### Record extracts

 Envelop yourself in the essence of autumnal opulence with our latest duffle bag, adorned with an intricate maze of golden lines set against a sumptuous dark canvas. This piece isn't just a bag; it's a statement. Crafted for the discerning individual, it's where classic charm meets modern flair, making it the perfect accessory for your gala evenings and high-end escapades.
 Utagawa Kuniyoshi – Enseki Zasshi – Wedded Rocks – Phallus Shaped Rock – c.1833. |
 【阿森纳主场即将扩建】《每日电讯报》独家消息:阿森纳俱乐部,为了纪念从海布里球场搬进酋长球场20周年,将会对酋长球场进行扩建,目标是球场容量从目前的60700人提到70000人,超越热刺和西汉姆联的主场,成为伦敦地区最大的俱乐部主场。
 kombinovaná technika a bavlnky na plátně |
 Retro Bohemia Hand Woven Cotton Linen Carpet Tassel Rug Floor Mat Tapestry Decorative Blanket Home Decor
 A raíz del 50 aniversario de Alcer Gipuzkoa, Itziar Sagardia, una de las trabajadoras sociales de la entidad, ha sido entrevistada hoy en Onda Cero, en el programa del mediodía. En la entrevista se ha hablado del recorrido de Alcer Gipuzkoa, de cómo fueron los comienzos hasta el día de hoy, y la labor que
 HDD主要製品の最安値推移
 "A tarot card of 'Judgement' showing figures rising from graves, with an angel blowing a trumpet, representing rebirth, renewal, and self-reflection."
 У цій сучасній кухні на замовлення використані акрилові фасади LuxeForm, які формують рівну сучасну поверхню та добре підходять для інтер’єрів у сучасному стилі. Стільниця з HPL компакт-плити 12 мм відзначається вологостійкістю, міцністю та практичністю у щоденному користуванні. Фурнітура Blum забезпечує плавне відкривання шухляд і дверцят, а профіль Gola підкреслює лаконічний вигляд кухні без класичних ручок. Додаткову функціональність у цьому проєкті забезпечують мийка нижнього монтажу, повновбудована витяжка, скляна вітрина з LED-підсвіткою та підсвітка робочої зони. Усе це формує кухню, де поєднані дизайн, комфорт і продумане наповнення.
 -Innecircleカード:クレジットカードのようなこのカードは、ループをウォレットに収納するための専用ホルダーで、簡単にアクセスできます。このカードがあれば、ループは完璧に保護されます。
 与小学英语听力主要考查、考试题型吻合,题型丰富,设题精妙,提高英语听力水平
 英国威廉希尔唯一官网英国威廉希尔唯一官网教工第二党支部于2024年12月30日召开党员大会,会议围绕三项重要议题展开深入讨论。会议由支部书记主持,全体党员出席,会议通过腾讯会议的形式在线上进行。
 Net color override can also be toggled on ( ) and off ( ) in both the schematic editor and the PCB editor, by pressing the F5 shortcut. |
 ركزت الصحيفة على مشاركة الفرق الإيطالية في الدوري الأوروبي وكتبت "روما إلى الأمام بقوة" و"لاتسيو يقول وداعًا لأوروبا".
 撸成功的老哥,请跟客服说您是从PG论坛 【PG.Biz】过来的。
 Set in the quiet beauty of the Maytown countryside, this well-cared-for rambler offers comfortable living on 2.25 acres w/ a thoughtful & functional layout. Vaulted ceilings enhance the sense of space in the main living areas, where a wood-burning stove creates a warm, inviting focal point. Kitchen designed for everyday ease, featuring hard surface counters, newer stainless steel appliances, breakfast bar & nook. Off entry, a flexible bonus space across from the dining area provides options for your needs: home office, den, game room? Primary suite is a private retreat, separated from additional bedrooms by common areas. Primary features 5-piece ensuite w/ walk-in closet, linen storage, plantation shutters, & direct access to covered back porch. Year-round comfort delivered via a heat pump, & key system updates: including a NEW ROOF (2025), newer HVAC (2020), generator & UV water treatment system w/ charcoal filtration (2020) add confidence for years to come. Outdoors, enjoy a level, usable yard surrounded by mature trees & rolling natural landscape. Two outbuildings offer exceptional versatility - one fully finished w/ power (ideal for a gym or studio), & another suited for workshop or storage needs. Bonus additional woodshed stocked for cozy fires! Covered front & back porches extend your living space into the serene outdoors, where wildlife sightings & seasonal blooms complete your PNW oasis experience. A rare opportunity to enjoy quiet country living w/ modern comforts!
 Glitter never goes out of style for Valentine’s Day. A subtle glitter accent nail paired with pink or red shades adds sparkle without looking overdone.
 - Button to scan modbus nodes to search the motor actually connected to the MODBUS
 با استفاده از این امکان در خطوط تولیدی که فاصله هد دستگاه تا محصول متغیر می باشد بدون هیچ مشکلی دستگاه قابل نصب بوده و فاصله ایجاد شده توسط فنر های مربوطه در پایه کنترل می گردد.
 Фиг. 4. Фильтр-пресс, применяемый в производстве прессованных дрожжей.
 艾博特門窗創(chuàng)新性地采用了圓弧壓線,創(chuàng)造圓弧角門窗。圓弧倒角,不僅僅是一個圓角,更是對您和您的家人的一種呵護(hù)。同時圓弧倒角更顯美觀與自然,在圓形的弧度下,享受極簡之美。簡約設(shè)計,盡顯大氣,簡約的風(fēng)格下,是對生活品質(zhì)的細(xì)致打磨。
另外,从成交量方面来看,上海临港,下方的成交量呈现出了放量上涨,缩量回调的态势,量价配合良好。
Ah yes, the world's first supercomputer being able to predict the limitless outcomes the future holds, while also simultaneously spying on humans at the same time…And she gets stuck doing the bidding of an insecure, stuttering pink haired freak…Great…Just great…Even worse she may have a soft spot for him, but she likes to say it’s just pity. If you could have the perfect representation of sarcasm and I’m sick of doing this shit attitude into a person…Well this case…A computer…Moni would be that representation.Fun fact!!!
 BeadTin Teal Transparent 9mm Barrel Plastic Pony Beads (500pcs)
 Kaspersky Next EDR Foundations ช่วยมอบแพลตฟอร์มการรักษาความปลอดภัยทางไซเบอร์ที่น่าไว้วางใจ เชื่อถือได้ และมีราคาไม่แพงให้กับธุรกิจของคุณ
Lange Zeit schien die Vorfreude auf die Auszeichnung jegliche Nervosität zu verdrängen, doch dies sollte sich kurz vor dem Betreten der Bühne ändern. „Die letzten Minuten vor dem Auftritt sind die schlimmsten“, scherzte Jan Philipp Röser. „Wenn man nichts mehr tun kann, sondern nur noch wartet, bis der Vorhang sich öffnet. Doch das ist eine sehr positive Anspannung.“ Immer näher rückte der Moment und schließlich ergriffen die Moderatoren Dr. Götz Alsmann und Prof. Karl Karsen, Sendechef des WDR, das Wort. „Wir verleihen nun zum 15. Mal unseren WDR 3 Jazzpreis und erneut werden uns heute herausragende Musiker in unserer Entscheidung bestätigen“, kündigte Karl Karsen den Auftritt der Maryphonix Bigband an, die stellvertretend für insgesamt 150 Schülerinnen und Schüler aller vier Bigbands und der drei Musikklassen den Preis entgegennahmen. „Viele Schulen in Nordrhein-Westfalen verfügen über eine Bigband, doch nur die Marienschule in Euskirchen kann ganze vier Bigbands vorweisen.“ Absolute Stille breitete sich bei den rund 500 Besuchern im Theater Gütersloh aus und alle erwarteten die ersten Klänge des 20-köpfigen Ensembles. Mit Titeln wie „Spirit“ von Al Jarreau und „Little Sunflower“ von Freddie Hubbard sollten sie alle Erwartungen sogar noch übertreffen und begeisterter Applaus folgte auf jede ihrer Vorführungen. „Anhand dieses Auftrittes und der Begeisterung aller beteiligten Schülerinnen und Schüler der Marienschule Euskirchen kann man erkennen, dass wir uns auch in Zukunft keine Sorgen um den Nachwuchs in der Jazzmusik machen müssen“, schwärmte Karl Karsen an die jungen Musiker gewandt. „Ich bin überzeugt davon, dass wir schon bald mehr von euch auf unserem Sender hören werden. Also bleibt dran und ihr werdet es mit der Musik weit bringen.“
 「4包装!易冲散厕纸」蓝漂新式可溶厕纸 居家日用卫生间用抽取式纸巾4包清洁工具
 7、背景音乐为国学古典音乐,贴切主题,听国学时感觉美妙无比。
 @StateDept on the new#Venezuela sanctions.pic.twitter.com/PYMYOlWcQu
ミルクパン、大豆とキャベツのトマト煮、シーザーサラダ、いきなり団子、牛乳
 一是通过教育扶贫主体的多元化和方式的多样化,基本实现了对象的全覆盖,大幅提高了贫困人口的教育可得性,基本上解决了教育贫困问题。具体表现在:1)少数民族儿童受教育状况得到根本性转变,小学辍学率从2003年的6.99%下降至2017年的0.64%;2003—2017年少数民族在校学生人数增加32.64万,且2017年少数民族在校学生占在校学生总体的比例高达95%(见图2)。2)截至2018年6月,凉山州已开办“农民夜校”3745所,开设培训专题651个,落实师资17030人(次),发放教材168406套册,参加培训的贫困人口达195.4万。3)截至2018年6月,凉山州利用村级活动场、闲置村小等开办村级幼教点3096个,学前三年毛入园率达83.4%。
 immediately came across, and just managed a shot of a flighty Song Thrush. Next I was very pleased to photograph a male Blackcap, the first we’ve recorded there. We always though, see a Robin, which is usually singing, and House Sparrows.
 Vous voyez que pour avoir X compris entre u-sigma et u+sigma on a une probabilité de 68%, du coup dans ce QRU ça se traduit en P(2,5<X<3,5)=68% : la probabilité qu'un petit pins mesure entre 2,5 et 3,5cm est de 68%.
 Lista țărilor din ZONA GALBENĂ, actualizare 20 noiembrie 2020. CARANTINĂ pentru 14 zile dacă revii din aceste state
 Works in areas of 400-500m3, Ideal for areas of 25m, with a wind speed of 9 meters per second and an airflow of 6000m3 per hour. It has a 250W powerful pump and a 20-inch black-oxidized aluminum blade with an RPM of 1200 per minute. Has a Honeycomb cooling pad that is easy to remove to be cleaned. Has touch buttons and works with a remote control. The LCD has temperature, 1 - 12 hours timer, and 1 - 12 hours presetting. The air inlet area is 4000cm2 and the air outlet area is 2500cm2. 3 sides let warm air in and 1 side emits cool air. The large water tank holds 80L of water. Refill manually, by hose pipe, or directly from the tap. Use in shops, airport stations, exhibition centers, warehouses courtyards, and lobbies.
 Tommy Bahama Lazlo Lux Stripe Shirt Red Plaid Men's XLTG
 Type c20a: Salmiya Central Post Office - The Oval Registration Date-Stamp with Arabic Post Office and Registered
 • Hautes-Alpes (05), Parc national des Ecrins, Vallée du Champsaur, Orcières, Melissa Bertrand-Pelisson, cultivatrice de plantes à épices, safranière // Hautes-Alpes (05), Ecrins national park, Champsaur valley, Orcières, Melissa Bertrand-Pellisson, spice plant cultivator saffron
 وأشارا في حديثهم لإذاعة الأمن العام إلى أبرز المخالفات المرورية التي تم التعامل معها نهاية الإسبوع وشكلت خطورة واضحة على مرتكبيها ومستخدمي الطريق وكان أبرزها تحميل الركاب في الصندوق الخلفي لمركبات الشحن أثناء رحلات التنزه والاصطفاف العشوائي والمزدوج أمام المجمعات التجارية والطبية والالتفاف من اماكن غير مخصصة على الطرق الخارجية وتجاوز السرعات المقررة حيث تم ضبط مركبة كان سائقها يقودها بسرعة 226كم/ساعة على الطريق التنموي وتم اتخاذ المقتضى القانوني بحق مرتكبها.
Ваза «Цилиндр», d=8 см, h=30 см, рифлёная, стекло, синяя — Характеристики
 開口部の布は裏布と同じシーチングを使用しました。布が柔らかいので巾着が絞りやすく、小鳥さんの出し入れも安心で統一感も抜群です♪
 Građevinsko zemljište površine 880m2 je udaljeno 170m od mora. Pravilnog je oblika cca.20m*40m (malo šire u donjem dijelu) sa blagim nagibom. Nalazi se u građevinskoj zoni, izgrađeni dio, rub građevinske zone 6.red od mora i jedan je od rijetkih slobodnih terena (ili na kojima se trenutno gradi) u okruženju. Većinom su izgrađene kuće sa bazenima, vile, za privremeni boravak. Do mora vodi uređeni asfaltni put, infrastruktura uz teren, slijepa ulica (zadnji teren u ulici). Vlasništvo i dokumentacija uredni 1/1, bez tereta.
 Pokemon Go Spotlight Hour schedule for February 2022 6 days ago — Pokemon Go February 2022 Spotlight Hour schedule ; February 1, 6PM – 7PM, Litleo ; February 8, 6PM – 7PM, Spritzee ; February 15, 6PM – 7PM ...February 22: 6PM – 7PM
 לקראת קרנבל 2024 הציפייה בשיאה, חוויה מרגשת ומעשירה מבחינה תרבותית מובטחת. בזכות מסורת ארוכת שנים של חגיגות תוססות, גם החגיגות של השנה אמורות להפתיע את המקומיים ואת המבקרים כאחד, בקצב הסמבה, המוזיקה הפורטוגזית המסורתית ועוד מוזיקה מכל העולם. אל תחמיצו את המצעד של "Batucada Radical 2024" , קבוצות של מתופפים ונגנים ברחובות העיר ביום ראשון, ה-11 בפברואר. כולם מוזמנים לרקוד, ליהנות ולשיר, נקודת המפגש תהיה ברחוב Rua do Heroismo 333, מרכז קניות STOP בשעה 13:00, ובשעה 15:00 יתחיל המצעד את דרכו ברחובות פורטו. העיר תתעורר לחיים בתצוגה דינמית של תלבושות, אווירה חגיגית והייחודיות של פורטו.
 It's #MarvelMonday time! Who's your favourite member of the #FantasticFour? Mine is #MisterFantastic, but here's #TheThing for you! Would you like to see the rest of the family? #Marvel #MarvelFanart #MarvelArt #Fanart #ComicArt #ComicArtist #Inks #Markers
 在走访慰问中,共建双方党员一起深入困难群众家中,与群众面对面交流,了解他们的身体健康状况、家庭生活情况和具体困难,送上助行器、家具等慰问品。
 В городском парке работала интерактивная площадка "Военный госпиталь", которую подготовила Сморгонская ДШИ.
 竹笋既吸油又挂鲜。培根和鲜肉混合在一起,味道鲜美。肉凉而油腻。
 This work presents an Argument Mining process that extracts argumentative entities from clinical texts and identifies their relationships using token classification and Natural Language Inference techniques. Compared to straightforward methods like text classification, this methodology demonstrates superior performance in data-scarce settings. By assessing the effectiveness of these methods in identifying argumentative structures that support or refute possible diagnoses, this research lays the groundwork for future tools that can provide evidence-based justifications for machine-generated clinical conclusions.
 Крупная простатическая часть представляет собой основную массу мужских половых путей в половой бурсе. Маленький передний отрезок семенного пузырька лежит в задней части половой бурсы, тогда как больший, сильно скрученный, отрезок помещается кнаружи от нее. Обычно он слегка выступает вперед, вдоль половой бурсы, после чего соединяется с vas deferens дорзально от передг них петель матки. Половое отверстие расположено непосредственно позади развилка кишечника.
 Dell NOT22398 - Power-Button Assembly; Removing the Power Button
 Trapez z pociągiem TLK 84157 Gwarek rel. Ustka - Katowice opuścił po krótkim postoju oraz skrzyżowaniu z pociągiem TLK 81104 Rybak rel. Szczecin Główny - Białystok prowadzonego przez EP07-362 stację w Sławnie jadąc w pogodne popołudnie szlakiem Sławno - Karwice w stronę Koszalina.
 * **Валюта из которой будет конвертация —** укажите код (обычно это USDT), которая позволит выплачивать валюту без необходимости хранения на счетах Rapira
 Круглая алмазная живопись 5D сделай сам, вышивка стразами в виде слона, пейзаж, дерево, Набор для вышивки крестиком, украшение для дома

######

Nothing but the lines from the top of the records down to the line with "HDD主要製品の最安値推移" belongs in the answer; repeat them exactly.

Reply to the task
 Envelop yourself in the essence of autumnal opulence with our latest duffle bag, adorned with an intricate maze of golden lines set against a sumptuous dark canvas. This piece isn't just a bag; it's a statement. Crafted for the discerning individual, it's where classic charm meets modern flair, making it the perfect accessory for your gala evenings and high-end escapades.
 Utagawa Kuniyoshi – Enseki Zasshi – Wedded Rocks – Phallus Shaped Rock – c.1833. |
 【阿森纳主场即将扩建】《每日电讯报》独家消息:阿森纳俱乐部,为了纪念从海布里球场搬进酋长球场20周年,将会对酋长球场进行扩建,目标是球场容量从目前的60700人提到70000人,超越热刺和西汉姆联的主场,成为伦敦地区最大的俱乐部主场。
 kombinovaná technika a bavlnky na plátně |
 Retro Bohemia Hand Woven Cotton Linen Carpet Tassel Rug Floor Mat Tapestry Decorative Blanket Home Decor
 A raíz del 50 aniversario de Alcer Gipuzkoa, Itziar Sagardia, una de las trabajadoras sociales de la entidad, ha sido entrevistada hoy en Onda Cero, en el programa del mediodía. En la entrevista se ha hablado del recorrido de Alcer Gipuzkoa, de cómo fueron los comienzos hasta el día de hoy, y la labor que
 HDD主要製品の最安値推移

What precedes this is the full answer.